I then needed my for and while loops to be able to get every pairing of ‘walls’. For each pair, the area would need to be calculated and then compared against the current maxArea. Note that I reset the value of the secondary variable to 0 after each while loop originally. As mentioned before this is less efficient since I will be repeating the calculation for some pairs. A better way to do this would be to use a third variable to store the previous starting value of j. Then, when it gets reset, it should be reset to it’s incremented previous value j = prevJ + 1.

for i in range(len(height)):
    while (j < len(height)):
        area = min(height[i], height[j]) * abs(i-j)
        if (area > maxArea):
            maxArea = area
        j += 1
    j = 0

Upon running this solution the final few test cases exceeded the time limit. Therefore, although the code was correct it was not efficient enough. Looking at the complexity of this solution, the main components are the two loops. These are nested and so the time complexity of the code is $O(n^2)$. As such, it was evident that I either needed to make this code more optimised or attempt to create a $O(n)$ time complexity solution.

I first optimised the code by adjusting the value of j to reduce the number of repeated comparisons. This still resulted in the time limit being exceeded and so I thought it would be best to try and take a different approach instead. As I was now quite certain that a $O(n)$ time complexity solution would be required, I knew that I could not rely on any nested loops. This meant that I would need a more intelligent way to search through the pairs of ‘walls’.
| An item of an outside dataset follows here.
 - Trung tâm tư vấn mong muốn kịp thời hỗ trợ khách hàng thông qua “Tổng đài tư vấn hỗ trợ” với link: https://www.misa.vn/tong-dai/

As the area is calculated using both the width and the height, I can maximise the width by starting the search from the first index and the last index. Therefore, the first comparison will have the maximum width but not necessarily the largest area as there may be a taller ‘wall’ that would result in a larger area. However, this means the search can be simplified as I can adjust the pointers such that the smaller ‘wall’ being pointed to is changed by either incrementing/decrementing the start/end pointers respectively. This means I can complete one search that ends in the middle of the array, and by that point I will have found the maximum area. Since this only requires one loop this will have a time complexity of $O(n)$.
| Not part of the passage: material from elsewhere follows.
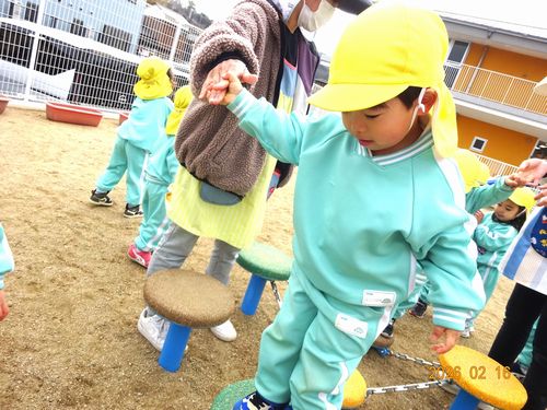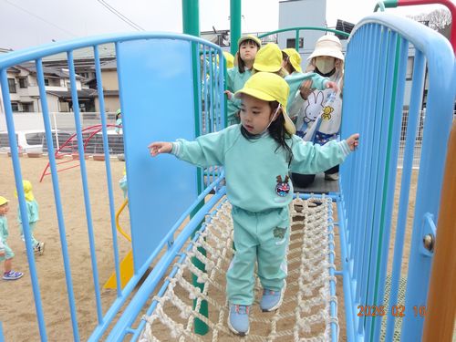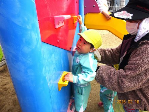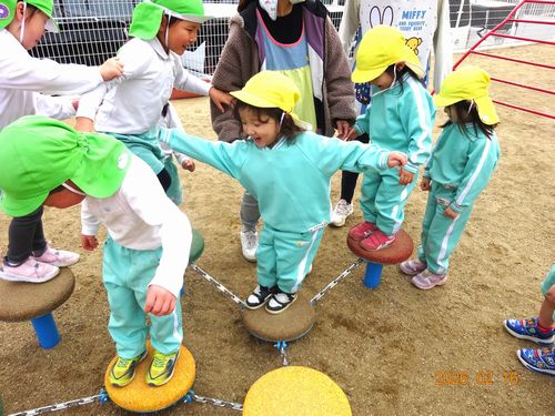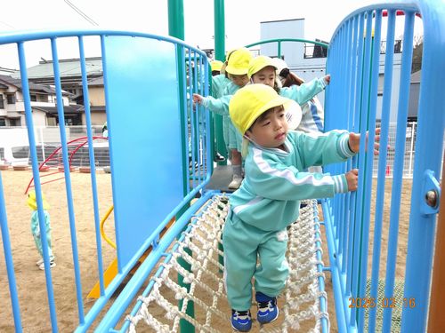 先日、ひまわり組(2歳児)の園児が全員誕生日を迎え3歳になり、園庭の大型遊具デビューをしました。

My two pointers need to point to the start and the end of the array which is achieved as follows:

start = 0
end = len(height) - 1

The loop needs to catch when the entire array has been traversed. Since the starting and ending pointers will be closing in on eachother, I can check for when they overlap which indicates all indexes have been explored. The only other difference is the movement of the pointers which is achieved by adjusting the pointer that points to the smaller wall:

if (height[start] <= height[end]):
    start += 1
else:
    end -= 1

I now have a complete solution.

Complete solution#

class Solution:
    def maxArea(self, height: List[int]) -> int:
        maxArea = 0
        
        # Start and end pointers
        start = 0
        end = len(height) - 1
        
        while (start < end):
            # Width * height
            area = (end - start) * min(height[start], height[end])
            
            if (area > maxArea):
                maxArea = area

            # Increment/decrement to iterate over the smaller heights
            if (height[start] <= height[end]):
                start += 1
            else:
                end -= 1

        return maxArea

Reflection#

This was an enjoyable challenge as it reinforced the idea of the important of efficient code. I am not satisfied with my solution still as I think that it can be condensed and optimised, so this is something I explored. After looking at other solutions in Python, the only key difference seemed to be the use of shorter variable names. I could refactor my solution slightly such that I would not have to use the min() function, but there does not seem to be much benefit in doing so.